In the year ending March 2014, Lisburne produced some 6,400 bpd of oil, some 660 barrels of natural gas liquids per day and some 124.1 million cubic feet of natural gas per day, according to BP. Cumulatively through July 2014, the field had produced 164.7 million barrels of oil, according to the AOGCC.

According to AOGCC records, BP did not drill at Lisburne in 2014, through September.

The primary activities at the Lisburne field in recent years have involved injection programs to improve recovery. In its most recent plan of development, BP said it was considering several “possible” drilling locations for 2015 but offered no details.

The GPMA satellites

The five other satellites in the Greater Point McIntyre Area are small, produce little oil compared to the unit and have had relatively little development drilling in recent years.

But BP is holding out hope that its recently launched North Prudhoe onshore and nearshore 3-D seismic program will uncover opportunities for investment at these fields.

The two-season seismic program is beginning with nearshore work this year and will advance inland next year to cover some 190 square miles altogether. “Based on preliminary data, it would enable 55 million barrels of new resources and 30 new wells with the potential development,” Weiss said in her February 2014 announcement.

The Prudhoe Bay working interest owners expanded the Lisburne Production Center in the early 1990s to accommodate fluids from nearby Point McIntyre and Niakuk.

ARCO and Exxon discovered Point McIntyre in the coastal section of Prudhoe Bay in 1988. The field came online in 1993 and peaked at 172,995 bpd in December 1996.

The field produced 18,520 barrels of liquids per day in the year ending March 2014.

After drilling a well and a sidetrack at Point McIntyre in 2012 and early 2013, BP began evaluating additional sidetracks, potentially in the north and southeast, two areas the state added to the Prudhoe Bay unit and the Point McIntyre participating area in June 2009.

Sohio discovered the Niakuk oil pool in 1985 and it came online in April 2004.

The field produced 2,300 barrels of liquids per day in the year ending March 2014.

The nearby Raven field produced some 310 bpd of oil in the year ending March 2014, almost entirely from one producer supported by a water injector.

BP said it has no immediate plans for Raven.

ARCO discovered West Beach and North Prudhoe Bay in the 1970s.

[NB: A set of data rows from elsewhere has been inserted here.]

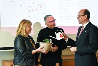 Landrat Dirk Neubauer freut sich bereits auf das neue Format und hofft auf großen Anklang. Symbolisch übergab er dafür Kathrin Hillig, Geschäftsführerin der Kultur gGmbH, eine junge Pflanze. Damit die Pflanze des Literaturfestivals wachsen und gedeihen kann, steuerte Hans Ferdinand Schramm nicht nur eine passende Gießkanne, sondern auch einen symbolischen Scheck über 15.000 Euro bei.
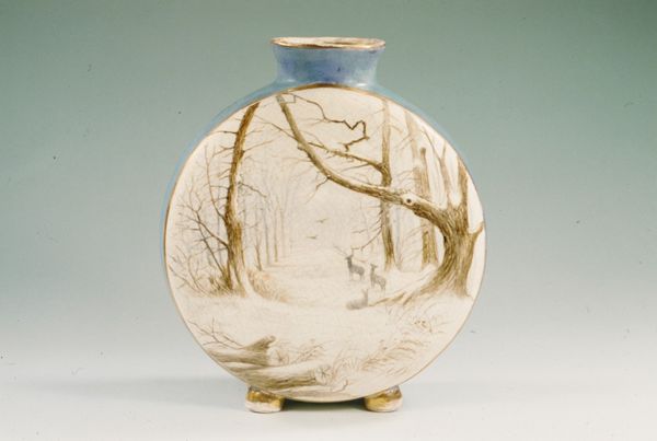Editor: Here we have an undated glass vase entitled "Cameo Glass Landscape Vase" by Émile Gallé. The violet landscape really captures my attention. How do you approach interpreting this work? Curator: Primarily, I'm interested in its formal elements. The interplay of translucent glass with the deeply carved cameo landscape presents a fascinating tension between surface and depth. Consider how the artist uses the colour – a deliberate monochrome – to create atmospheric perspective. Note the way in which he manipulates texture. Does the strategic juxtaposition of these elements create new meanings for you? Editor: It does make me consider the contrast between the tactile and the ethereal. I also notice the Art Nouveau influence, especially in the flowing, organic lines of the landscape and vase itself. What are your thoughts? Curator: Precisely. The Art Nouveau style favored complex, curvilinear designs inspired by nature, which you see replicated here. However, more importantly, it uses several layers of glass of different colours, etching away the top layers to reveal the landscape beneath. Focus on the artist's process of subtraction to bring depth and nuance to his representation. It's not merely decorative; it's about creating a space, manipulating light and shadow. Editor: The layered effect does add complexity. I initially focused on the landscape depicted, but now I'm thinking more about the artist's technique. Curator: By considering its formal properties—the artist's choice of materials, use of color, composition—the artwork gives you new insights into its cultural context. We learn to appreciate its construction and the conscious articulation of meaning. Editor: It’s interesting to consider the visual qualities independently from historical associations. Curator: Indeed. Formal analysis gives you a framework for decoding and appreciating artistic creations.
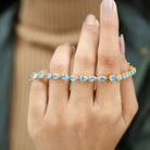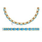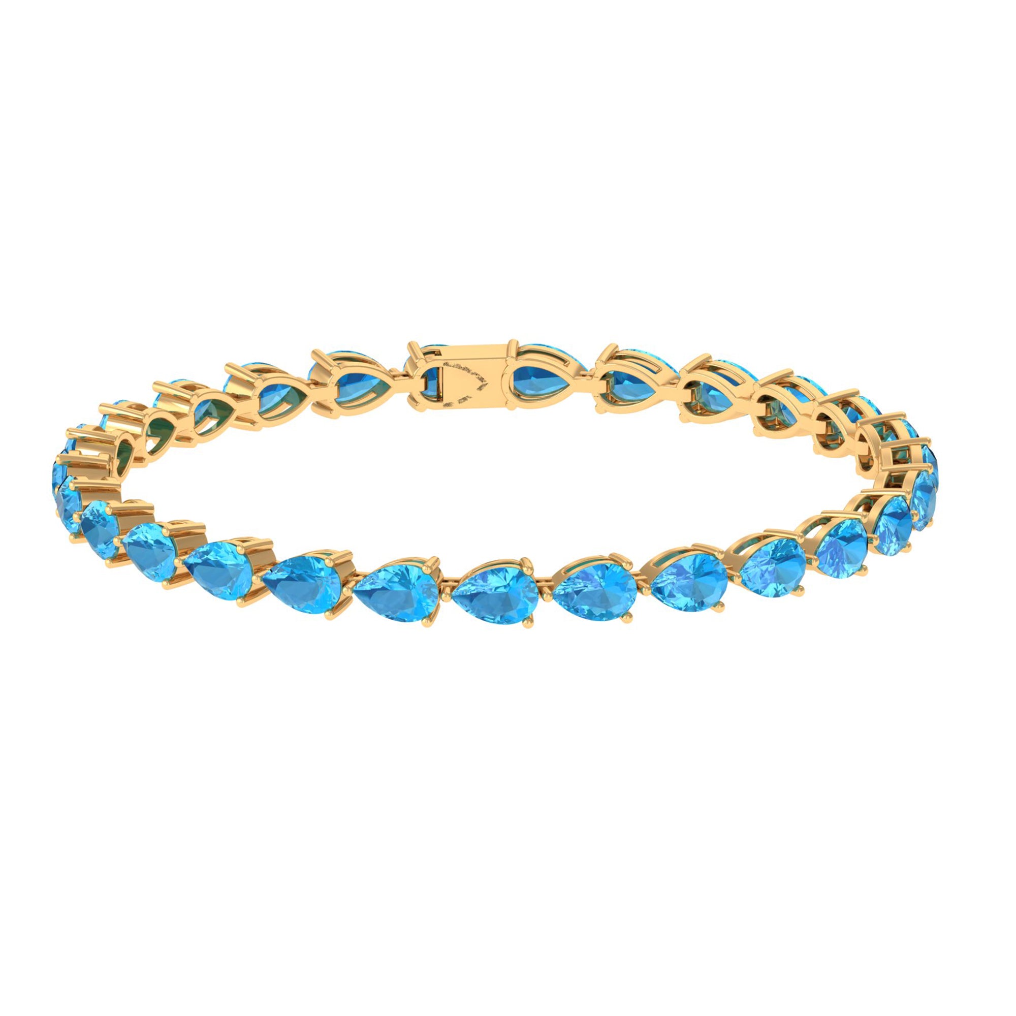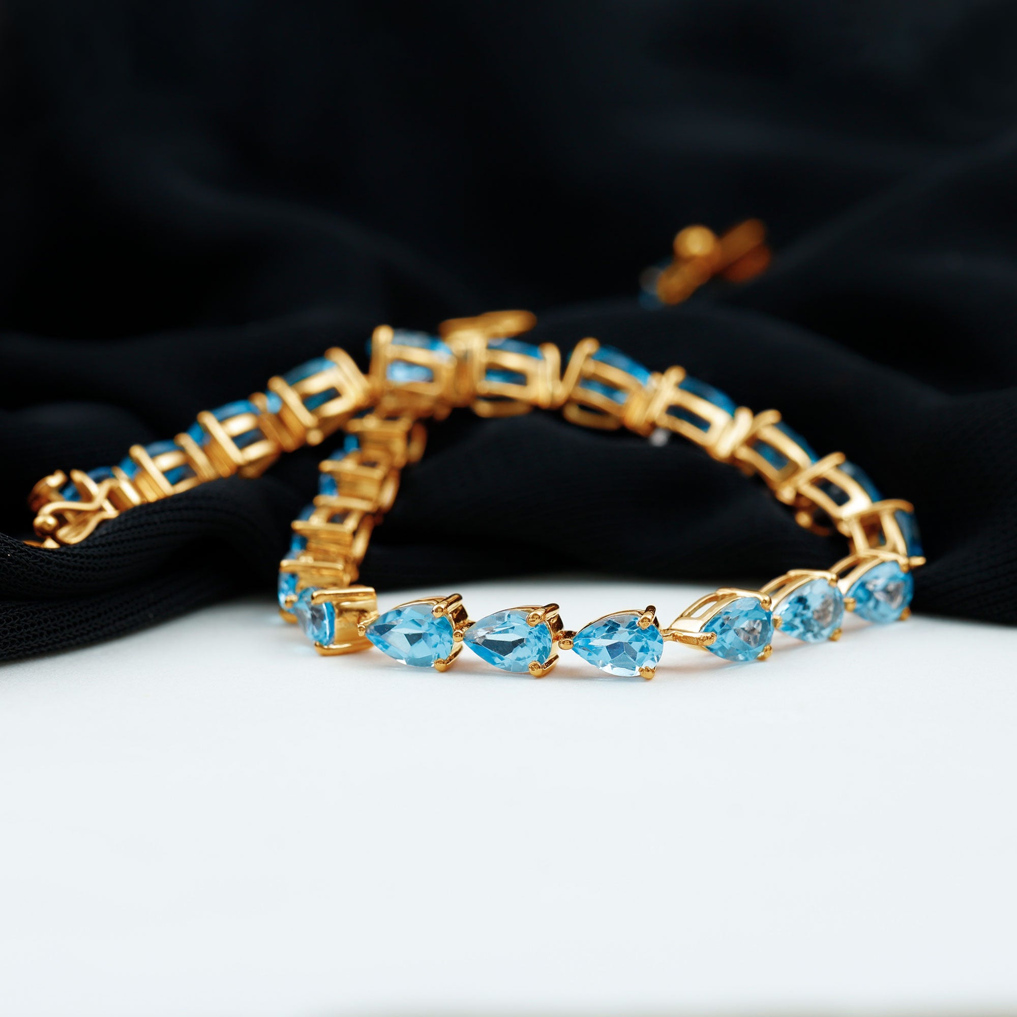 Classiness takes center stage with our East-West Tennis Bracelet featuring horizontal Pear Cut Swiss Blue Topaz gems secured in a sleek prong setting. The vivid Swiss Blue Topaz stones add a pop of color and charm, making this piece a versatile accessory suitable for any occasion.
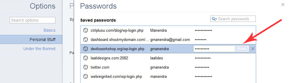 - Clicking on the password, we get an option asking you to “show” the password. This is useful if you have forgotten your password but have it saved on your browser.
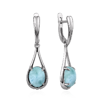 Серьги для женщин из серебра 925 пробы с ларимарами из коллекции Уральские самоцветы артикул 2340Л16586 от компании KRASNOE
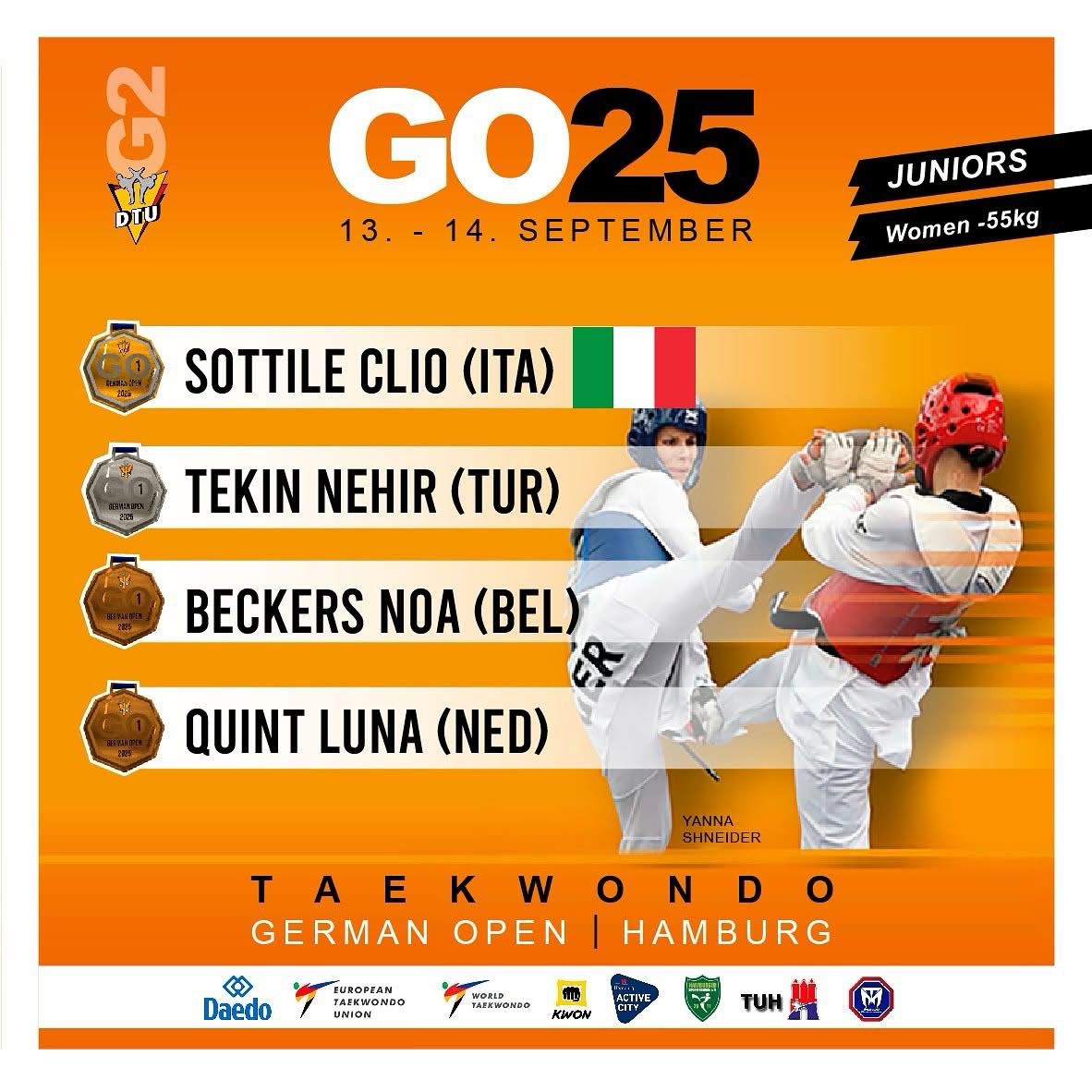 Buona anche la prova di Elena Fazio, capace di imporsi con sicurezza nel match d’apertura. La sua corsa si è fermata al secondo turno contro la tedesca Dina Kamandi, atleta di valore e seconda del ranking di gara, ma la giovane siciliana ha saputo tenere il campo con determinazione. Più complicato invece il percorso di Ninitto Perroni, ancora in difficoltà nel confronto con avversari più strutturati fisicamente nella nuova categoria dei 45 chili juniores, e di Elison Russo, penalizzato da un affaticamento muscolare che ne ha limitato il rendimento.
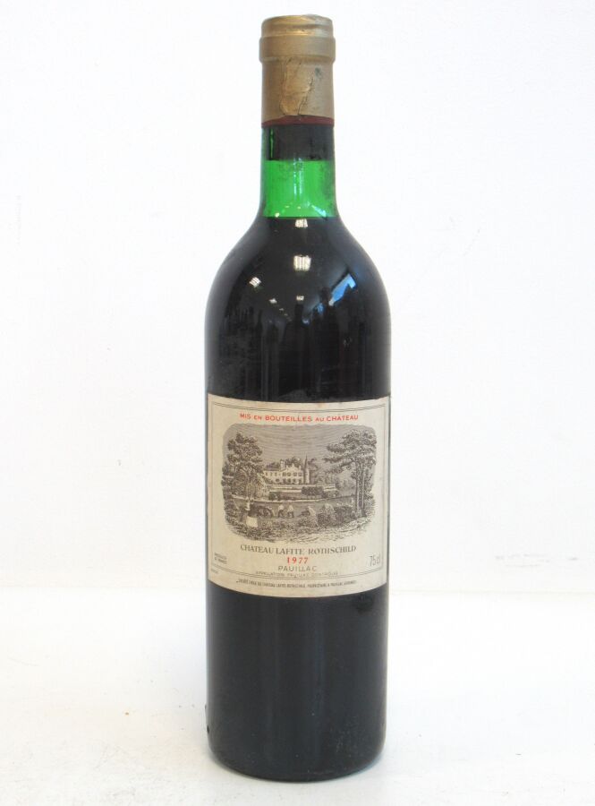 1 Blle CH. LAFITE ROTHSCHILD Pauillac 1er GCC 1977 Et. un peu tachée. N : bas goulot/limite haut épaule.
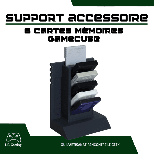 Le support cartes mémoire GameCube L.E. GAMING 88 a été conçu pour offrir une présentation claire, stable et élégante à ces accessoires emblématiques de l’ère Nintendo. Qu’elles contiennent tes sauvegardes les plus précieuses, des parties cultes ou des données que tu conserves depuis des années, les cartes mémoires méritent un présentoir dédié à leur histoire et à leur importance.
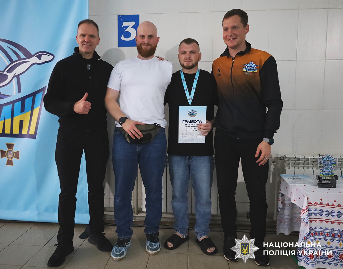 Правоохоронці з Житомирщини гідно представили область. Поліцейські Сергій Кисленко та Владислав Третʼяк взяли участь у запливі на дистанції 100 метрів. Окрім індивідуальних виступів, вони разом із спецпризначенцем Дмитром Предеіним та Євгеном Чорноштаном – ветераном війни, помічником начальника з питань ветеранської політики Житомирської академії поліції, сформували команду для участі в естафетному запливі.
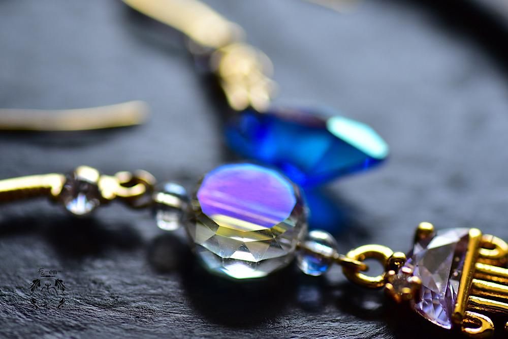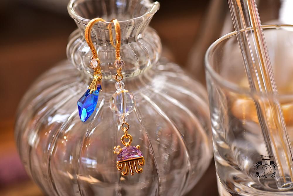 キュービックジルコニアのクラゲと鮮やかな青い海を彷彿させるアクリルチャーム、海中を上る泡のようなビーズが涼やかな様相です。
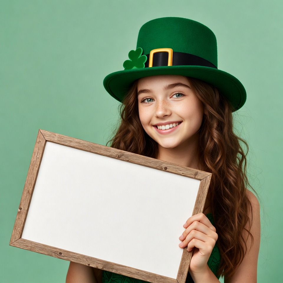A young girl with long curly brown hair smiles while holding a wooden-framed blank sign. She wears a green leprechaun top hat adorned with a gold buckle and shamrock. The image features a bright green background perfect for St. Patrick's Day.
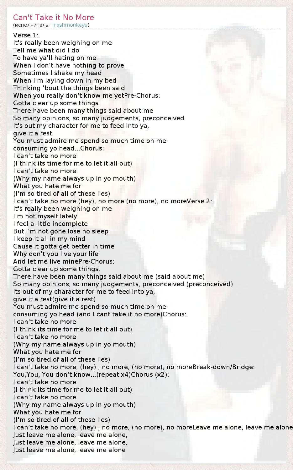 А как ты думаешь, о чем песня "Can't Take it No More" ?
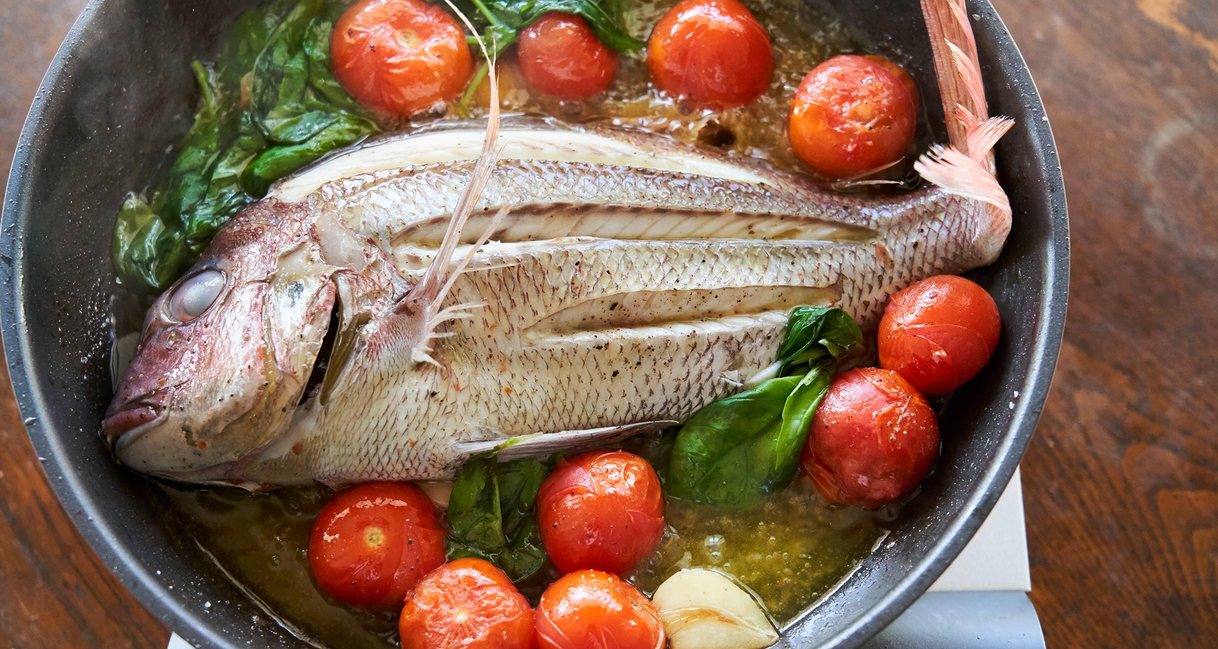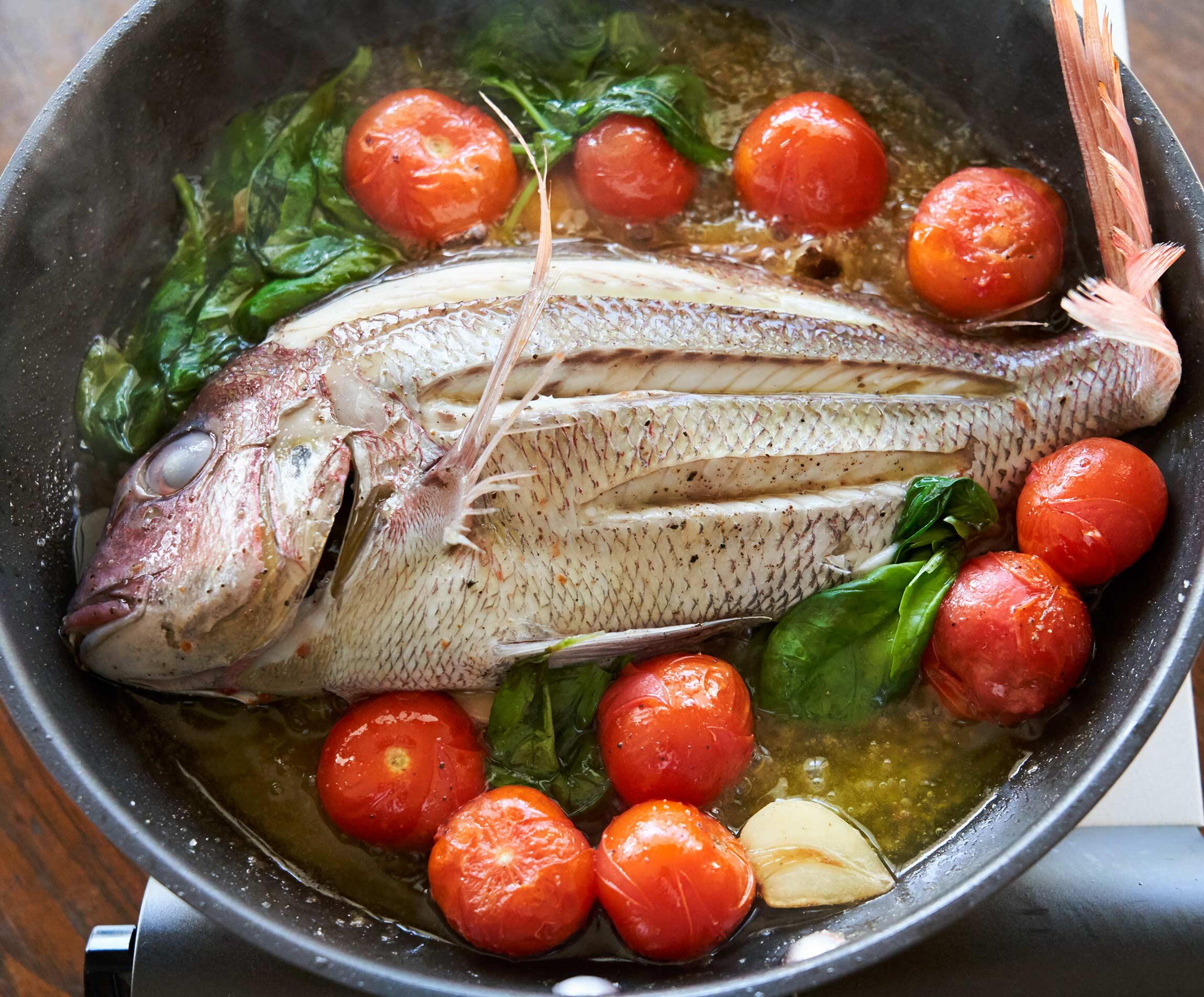 真鯛の旬は2~4月。春になるとお手頃な価格の一尾魚が出回ることも。そんなチャンスが訪れたらぜひアクアパッツァに。ミニトマトゴロゴロ、バジルの香りをきかせて元気よく。人が集まるときには絶対これ!中までしっかり火が通るように、蓋をして仕上げてください。
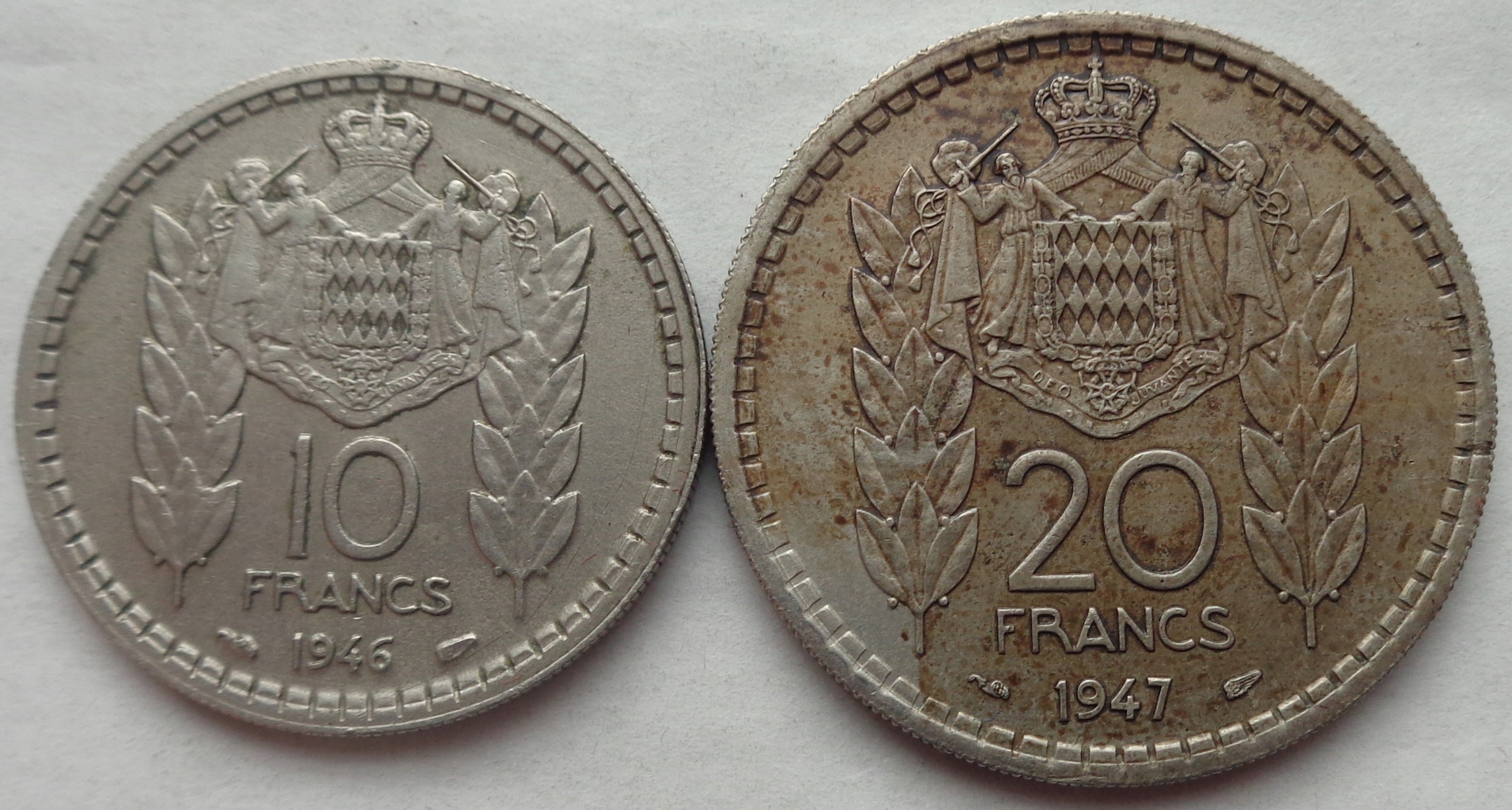 МОНАКО - 10 + 20 франків - 1946 / 1947 - НАБІР

The West Beach field had produced 3.37 million barrels of oil by the time BP suspended production in 2001 because declining reservoir pressure and increasing gas-to-oil ratio challenged the economics of the field. Over the intervening years, BP has undertaken numerous studies of the field to determine whether it might one day produce again.

ARCO shut-in the sole North Prudhoe Bay well in February 2000 because the well continued to produce proppant from a fracture stimulation, which posed safety risks, according to the company. BP has said it “may” launch an evaluation of the area this year “to assess the remaining reservoir potential and options for future development.”